Chapter 8. Looking Ahead: AI, ML, and Managed Security Service Providers

Chapter 5 discussed how AI and ML are improving bot detection, whereas Chapter 6 discussed other areas in security for which the introduction of AI and ML has had a real impact. This chapter examines how managed security service providers (MSSPs) are incorporating these technologies, developing AI and ML techniques of their own and how that can benefit your organization. Your organization might not be ready to adopt AI and ML solutions in-house—given the many challenges associated with AI and ML and the fact that most security teams are already overworked, the idea of adding new capability seems daunting. However, by using an MSSP, your organization can potentially reap the benefits of the investment that the MSSP has made in AI and ML technologies. Just as with anything else in security, a successful partnership with an MSSP does require work on your end, but it can help improve your organization’s security posture.

The MSSP as an AI and ML Source

MSSPs have always had an inherent advantage when it comes to security: rather than protecting a single organization from attacks, the MSSP is protecting hundreds or thousands of clients from all types of attacks. The security operations center (SOC) analysts who work for MSSPs are presented with thousands of different attacks at any time, and they work with organizations ranging from sprawling government agencies to small businesses. This means that the SOC analysts not only need to be able to quickly pivot from one attack type to another, they also need to be able to pivot from one environment, including the level of experience of the security person or team in that environment, to another.

That is why, over the years, MSSPs have developed the use of independent layers of threat detection techniques. Many of these MSSPs have had to build AI and ML solutions in-house to process billions of security events across thousands of different security solutions every hour. The results of that AI and ML becomes operational, tactical, and strategic threat intelligence that gets fed back into monitoring systems for all customers and allows MSSPs to quickly respond to a customer threat and alert that customer in a manner in which the customer can process and act on the event.

Technologies such as anti-DDoS systems, web application firewalls (WAFs), and bot management solutions are fully capable of consuming operational and even tactical threat intelligence and can be used not only to detect threat actors, but also to stop their activity.
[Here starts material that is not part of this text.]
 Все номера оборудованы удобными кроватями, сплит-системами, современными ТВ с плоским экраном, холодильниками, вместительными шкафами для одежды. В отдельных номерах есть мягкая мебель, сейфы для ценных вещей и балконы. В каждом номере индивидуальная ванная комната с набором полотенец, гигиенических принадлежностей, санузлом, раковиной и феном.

This allows MSSPs to share information garnered from monitoring one customer’s systems with all other customers, irrespective of whether the other customers have the same system. Almost all of this is invisible to the customer, unless an alert is triggered.
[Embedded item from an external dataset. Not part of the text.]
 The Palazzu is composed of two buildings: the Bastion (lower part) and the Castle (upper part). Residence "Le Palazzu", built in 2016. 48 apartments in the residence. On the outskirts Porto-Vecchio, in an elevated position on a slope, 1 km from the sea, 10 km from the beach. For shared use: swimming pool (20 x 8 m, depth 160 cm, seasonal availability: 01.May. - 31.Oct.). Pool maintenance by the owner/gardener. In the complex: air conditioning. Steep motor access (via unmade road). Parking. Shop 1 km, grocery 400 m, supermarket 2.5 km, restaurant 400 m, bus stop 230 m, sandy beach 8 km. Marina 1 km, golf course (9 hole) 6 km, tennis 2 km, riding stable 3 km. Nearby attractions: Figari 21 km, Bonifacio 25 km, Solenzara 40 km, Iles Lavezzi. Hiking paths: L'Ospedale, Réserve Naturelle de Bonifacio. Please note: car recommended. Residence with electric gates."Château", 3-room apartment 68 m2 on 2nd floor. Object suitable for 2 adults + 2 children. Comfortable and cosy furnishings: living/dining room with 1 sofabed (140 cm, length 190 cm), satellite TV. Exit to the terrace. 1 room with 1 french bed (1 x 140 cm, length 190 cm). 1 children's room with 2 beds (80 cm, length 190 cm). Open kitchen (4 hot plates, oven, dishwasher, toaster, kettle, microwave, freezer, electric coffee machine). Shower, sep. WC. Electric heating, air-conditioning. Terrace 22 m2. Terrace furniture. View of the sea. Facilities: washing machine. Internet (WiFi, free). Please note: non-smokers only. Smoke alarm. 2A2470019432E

More importantly, MSSPs are often incentivized to share what they have learned (without attribution, of course) not just with their customers, but with the broader internet. Through blogs, conference presentations, and white papers, MSSPs are helping customers and noncustomers alike better protect themselves against the most advanced bots.

MSSPs have been taking advantage of AI-enabled log management systems and tools to find the critical events that are of the highest importance. Some of the events could indicate that attackers are probing targeted victims in search of ways to get in. Other events could suggest that an attack is currently underway or indicate that an attack has already occurred, and the attacker has achieved a foothold.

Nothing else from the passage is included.